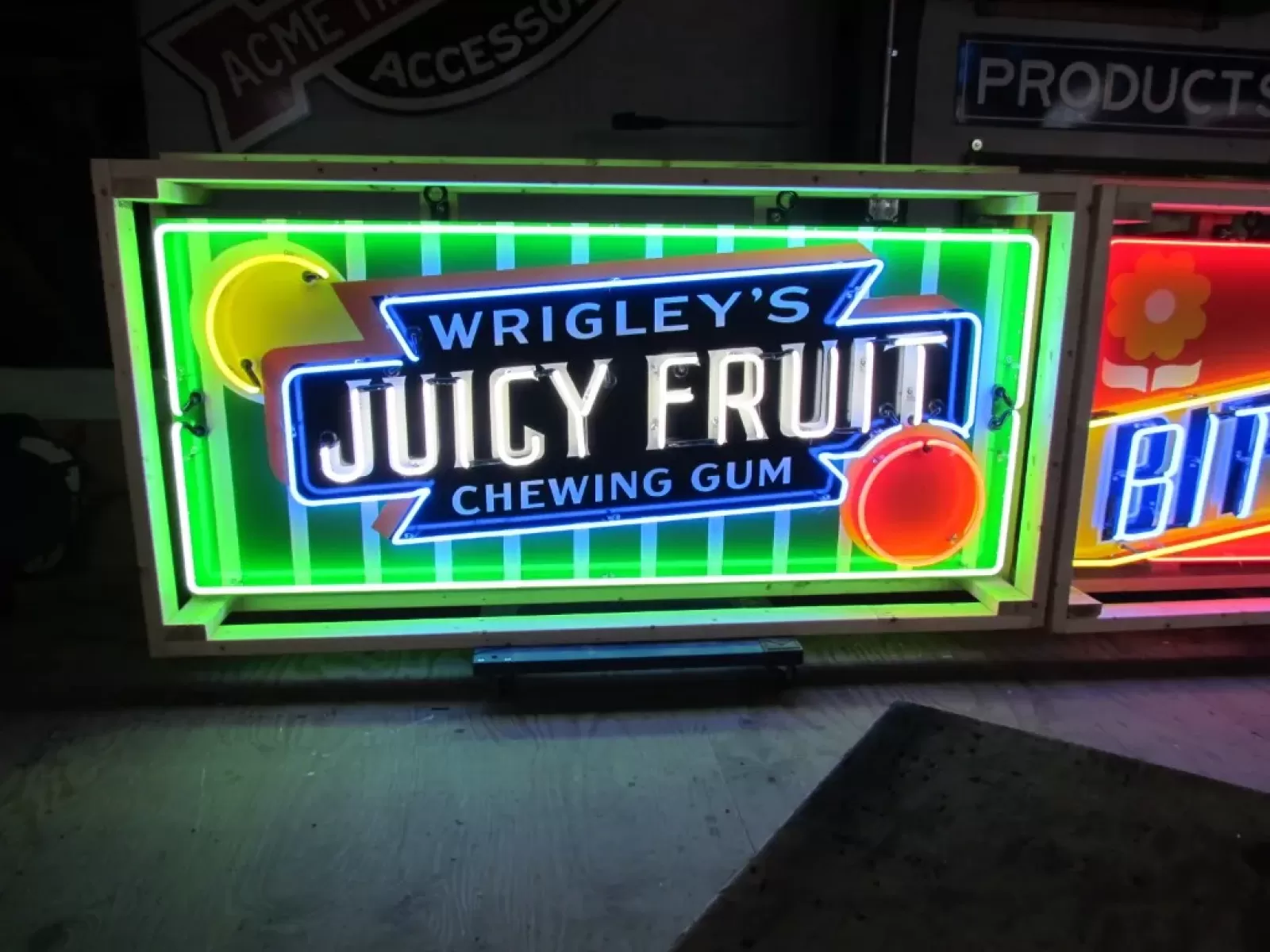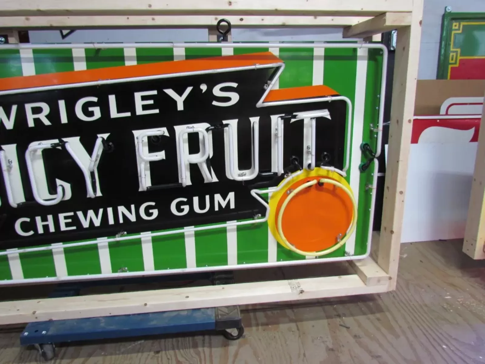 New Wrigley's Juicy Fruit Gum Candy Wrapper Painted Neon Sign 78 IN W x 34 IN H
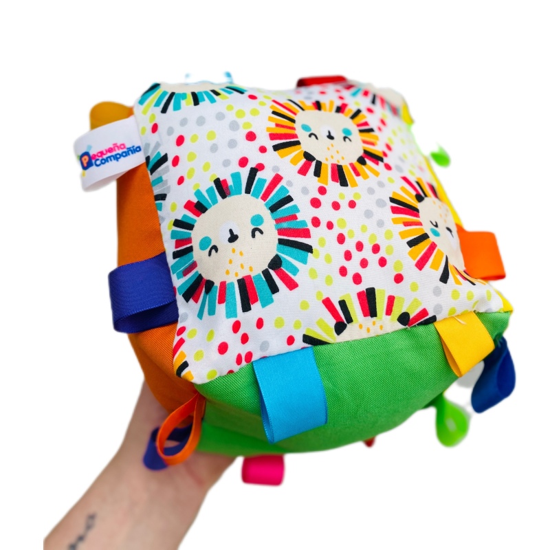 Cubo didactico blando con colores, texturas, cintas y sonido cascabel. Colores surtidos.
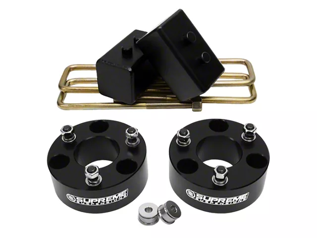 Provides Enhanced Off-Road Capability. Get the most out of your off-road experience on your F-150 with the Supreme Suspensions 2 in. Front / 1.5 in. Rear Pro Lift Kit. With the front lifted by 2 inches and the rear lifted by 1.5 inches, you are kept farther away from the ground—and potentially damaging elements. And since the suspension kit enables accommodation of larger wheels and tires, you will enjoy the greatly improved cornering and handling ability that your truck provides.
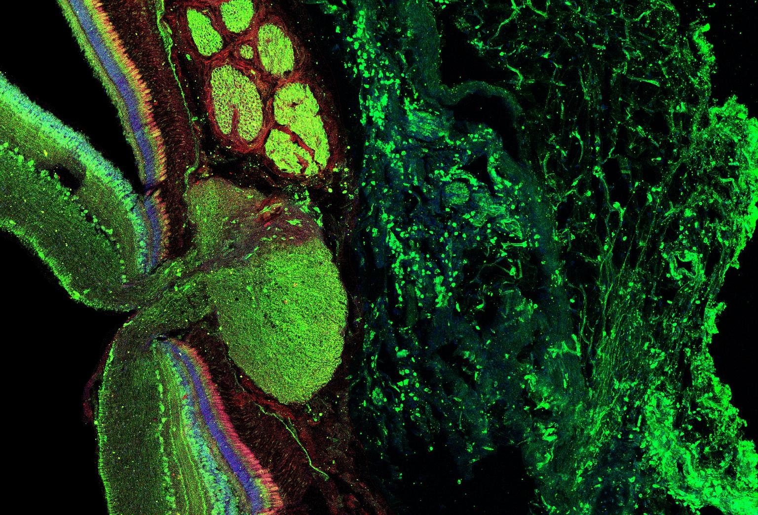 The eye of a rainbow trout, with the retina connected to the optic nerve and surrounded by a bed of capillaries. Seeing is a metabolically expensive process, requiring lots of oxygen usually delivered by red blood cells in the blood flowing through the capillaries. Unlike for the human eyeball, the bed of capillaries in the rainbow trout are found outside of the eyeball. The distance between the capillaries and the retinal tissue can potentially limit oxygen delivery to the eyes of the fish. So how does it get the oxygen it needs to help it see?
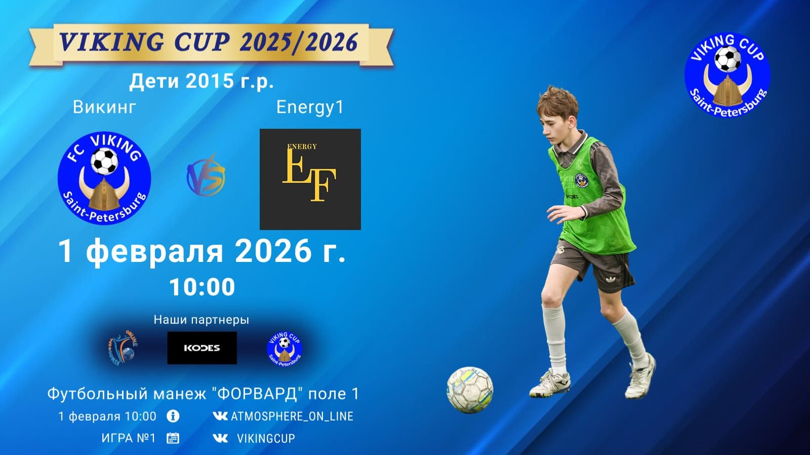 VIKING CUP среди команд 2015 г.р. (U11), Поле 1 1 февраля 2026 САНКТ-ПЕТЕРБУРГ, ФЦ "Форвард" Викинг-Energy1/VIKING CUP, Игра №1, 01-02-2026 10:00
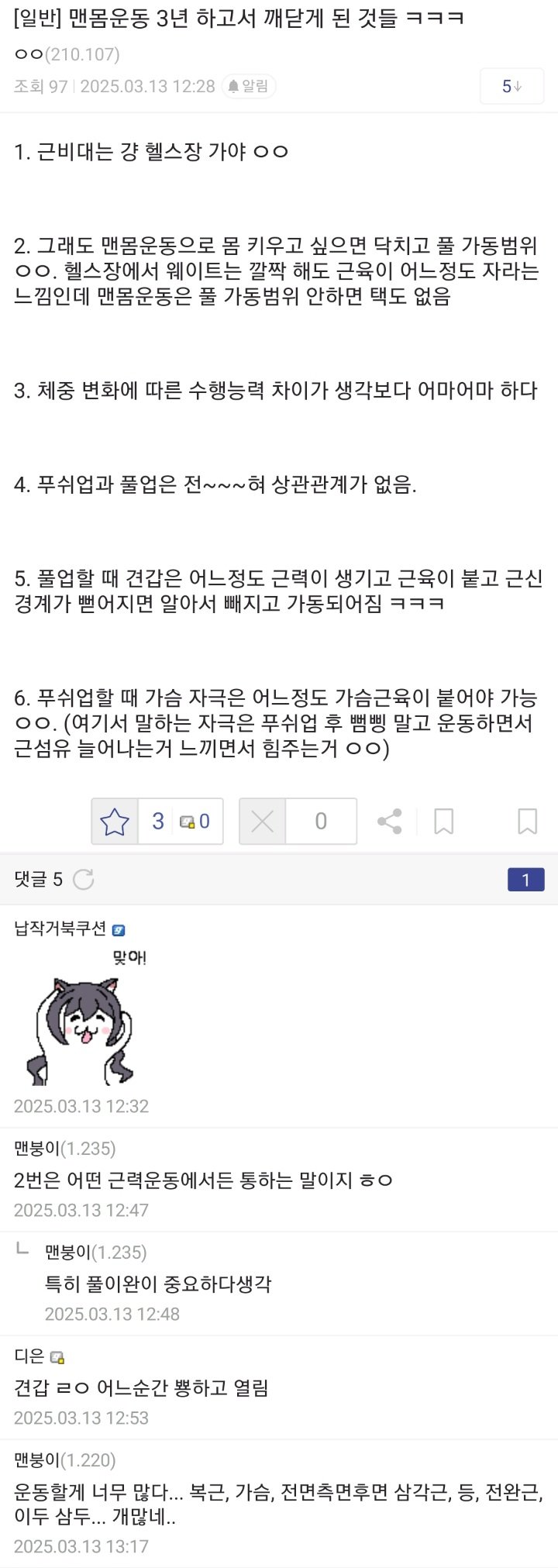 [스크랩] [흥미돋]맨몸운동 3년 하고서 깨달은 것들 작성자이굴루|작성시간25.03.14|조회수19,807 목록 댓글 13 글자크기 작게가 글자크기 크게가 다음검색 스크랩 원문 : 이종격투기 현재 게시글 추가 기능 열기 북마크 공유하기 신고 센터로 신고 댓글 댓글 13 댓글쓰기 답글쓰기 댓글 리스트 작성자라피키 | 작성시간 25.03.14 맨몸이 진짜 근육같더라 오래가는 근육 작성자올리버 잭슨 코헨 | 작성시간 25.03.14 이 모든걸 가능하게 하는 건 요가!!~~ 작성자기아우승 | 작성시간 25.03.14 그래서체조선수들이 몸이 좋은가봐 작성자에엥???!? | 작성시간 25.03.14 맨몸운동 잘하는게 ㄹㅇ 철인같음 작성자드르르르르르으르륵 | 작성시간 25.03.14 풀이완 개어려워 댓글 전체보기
==
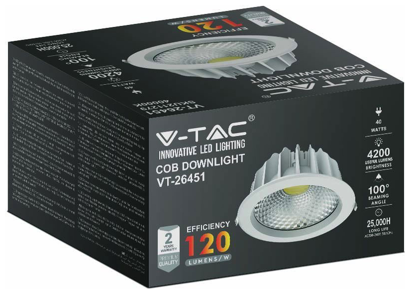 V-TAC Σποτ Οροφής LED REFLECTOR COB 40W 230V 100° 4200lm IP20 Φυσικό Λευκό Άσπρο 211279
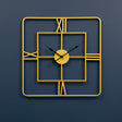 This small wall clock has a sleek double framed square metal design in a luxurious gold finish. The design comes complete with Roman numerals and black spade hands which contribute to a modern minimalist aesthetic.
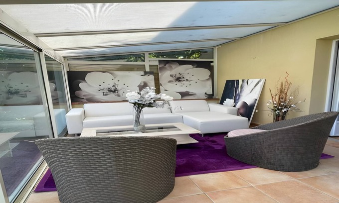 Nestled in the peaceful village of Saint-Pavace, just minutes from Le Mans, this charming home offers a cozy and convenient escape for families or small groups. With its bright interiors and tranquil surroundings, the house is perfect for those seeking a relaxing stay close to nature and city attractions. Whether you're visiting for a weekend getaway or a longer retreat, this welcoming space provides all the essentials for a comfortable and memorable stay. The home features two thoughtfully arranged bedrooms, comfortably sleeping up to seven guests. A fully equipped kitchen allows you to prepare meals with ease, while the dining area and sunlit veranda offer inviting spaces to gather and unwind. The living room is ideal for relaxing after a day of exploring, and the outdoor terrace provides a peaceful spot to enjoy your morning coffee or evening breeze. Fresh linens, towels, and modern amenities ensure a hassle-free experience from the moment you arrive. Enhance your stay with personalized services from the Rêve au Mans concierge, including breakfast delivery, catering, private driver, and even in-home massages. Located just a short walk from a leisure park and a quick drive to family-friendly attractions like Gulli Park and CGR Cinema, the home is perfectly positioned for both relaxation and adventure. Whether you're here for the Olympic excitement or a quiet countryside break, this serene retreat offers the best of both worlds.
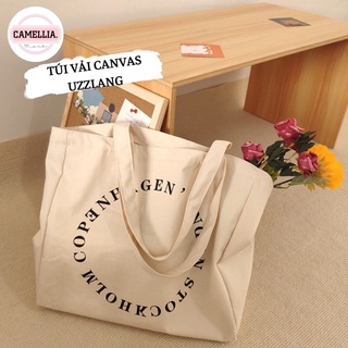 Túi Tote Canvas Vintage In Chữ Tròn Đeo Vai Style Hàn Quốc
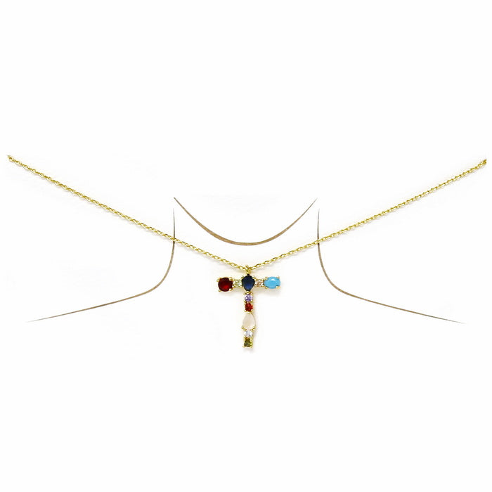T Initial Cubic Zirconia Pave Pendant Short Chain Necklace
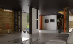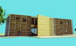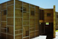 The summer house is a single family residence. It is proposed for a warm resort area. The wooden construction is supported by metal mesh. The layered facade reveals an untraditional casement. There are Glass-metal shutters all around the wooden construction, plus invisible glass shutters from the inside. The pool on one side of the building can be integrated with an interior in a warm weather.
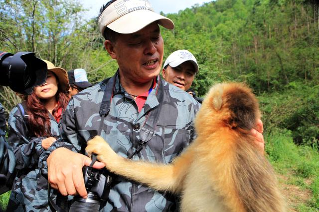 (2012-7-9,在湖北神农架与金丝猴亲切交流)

◆ Work instructions: Reproduce the entries exactly, from the line with "Provides Enhanced Off-Road" to the line with "VIKING CUP среди", both lines included, keeping no pictures.

◆ Exercise solution:
 Provides Enhanced Off-Road Capability. Get the most out of your off-road experience on your F-150 with the Supreme Suspensions 2 in. Front / 1.5 in. Rear Pro Lift Kit. With the front lifted by 2 inches and the rear lifted by 1.5 inches, you are kept farther away from the ground—and potentially damaging elements. And since the suspension kit enables accommodation of larger wheels and tires, you will enjoy the greatly improved cornering and handling ability that your truck provides.
 The eye of a rainbow trout, with the retina connected to the optic nerve and surrounded by a bed of capillaries. Seeing is a metabolically expensive process, requiring lots of oxygen usually delivered by red blood cells in the blood flowing through the capillaries. Unlike for the human eyeball, the bed of capillaries in the rainbow trout are found outside of the eyeball. The distance between the capillaries and the retinal tissue can potentially limit oxygen delivery to the eyes of the fish. So how does it get the oxygen it needs to help it see?
 VIKING CUP среди команд 2015 г.р. (U11), Поле 1 1 февраля 2026 САНКТ-ПЕТЕРБУРГ, ФЦ "Форвард" Викинг-Energy1/VIKING CUP, Игра №1, 01-02-2026 10:00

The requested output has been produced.